YOUR OBJECTIVE: Go through the listing and set it down exactly, leaving out its pictures.

DATA SHOWN:
# # # # #
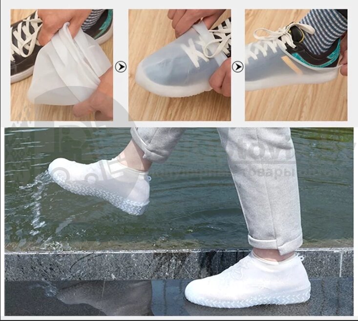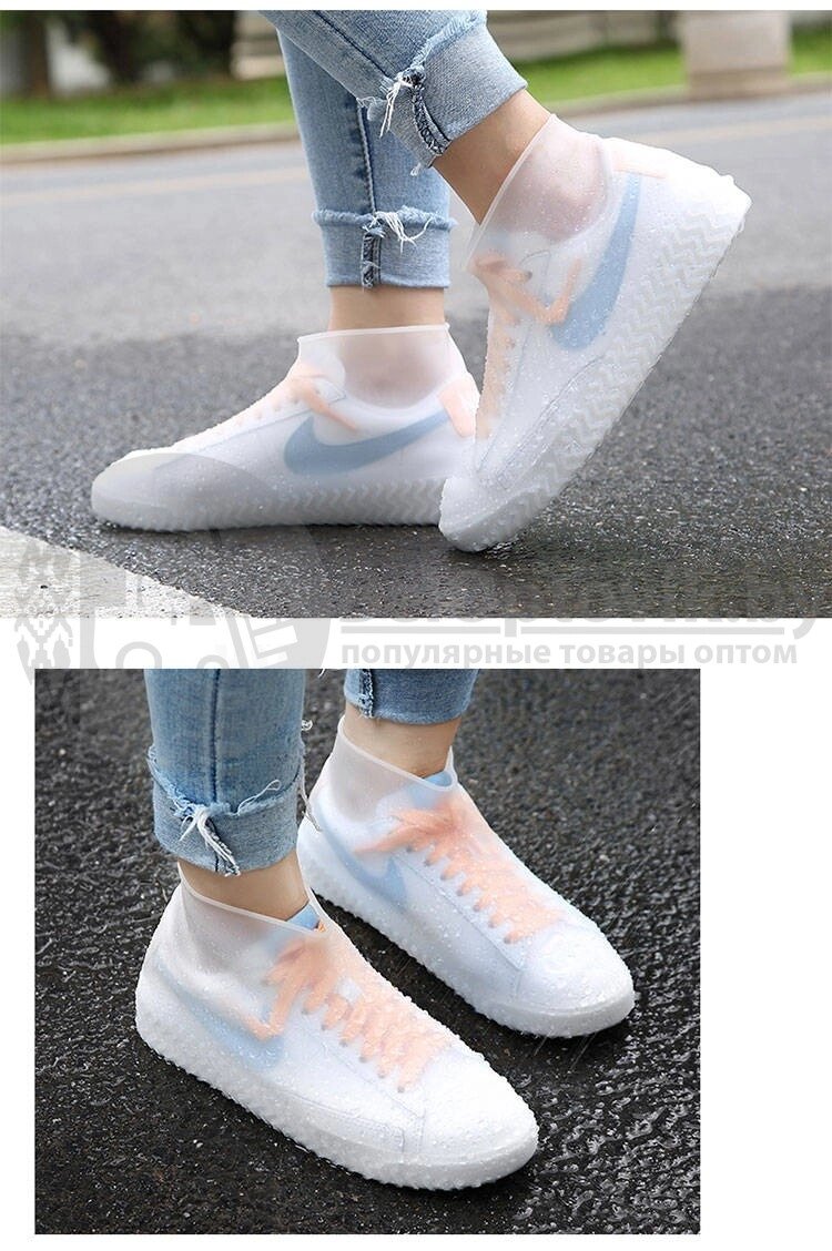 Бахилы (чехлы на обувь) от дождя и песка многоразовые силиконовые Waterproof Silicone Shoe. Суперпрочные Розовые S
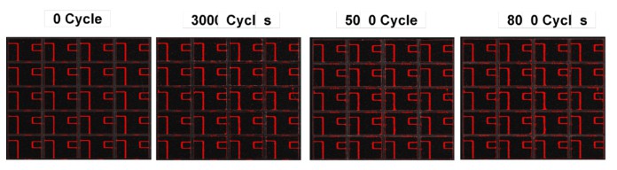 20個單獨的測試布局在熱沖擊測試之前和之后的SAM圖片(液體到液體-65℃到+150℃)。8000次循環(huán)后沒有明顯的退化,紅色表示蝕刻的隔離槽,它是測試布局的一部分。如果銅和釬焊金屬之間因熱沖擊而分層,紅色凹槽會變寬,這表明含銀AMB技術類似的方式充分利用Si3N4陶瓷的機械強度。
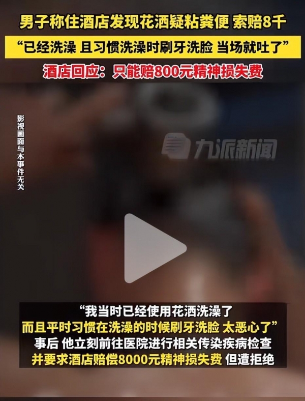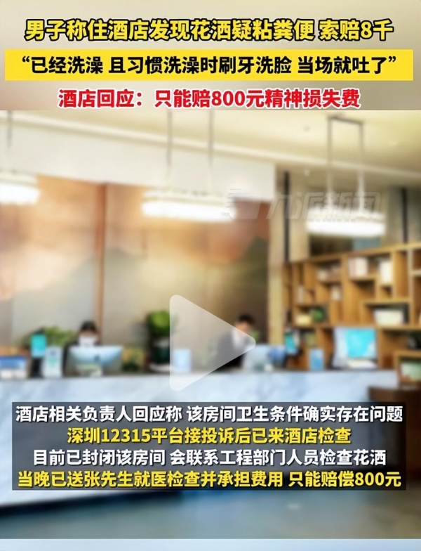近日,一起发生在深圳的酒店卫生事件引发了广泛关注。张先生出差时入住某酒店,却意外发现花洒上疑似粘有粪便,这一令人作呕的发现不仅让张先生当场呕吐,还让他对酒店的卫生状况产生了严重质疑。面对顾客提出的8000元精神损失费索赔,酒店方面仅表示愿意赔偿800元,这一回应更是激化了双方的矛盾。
# # # # #
ANSWER SECTION:
 Бахилы (чехлы на обувь) от дождя и песка многоразовые силиконовые Waterproof Silicone Shoe. Суперпрочные Розовые S
 20個單獨的測試布局在熱沖擊測試之前和之后的SAM圖片(液體到液體-65℃到+150℃)。8000次循環(huán)后沒有明顯的退化,紅色表示蝕刻的隔離槽,它是測試布局的一部分。如果銅和釬焊金屬之間因熱沖擊而分層,紅色凹槽會變寬,這表明含銀AMB技術類似的方式充分利用Si3N4陶瓷的機械強度。
近日,一起发生在深圳的酒店卫生事件引发了广泛关注。张先生出差时入住某酒店,却意外发现花洒上疑似粘有粪便,这一令人作呕的发现不仅让张先生当场呕吐,还让他对酒店的卫生状况产生了严重质疑。面对顾客提出的8000元精神损失费索赔,酒店方面仅表示愿意赔偿800元,这一回应更是激化了双方的矛盾。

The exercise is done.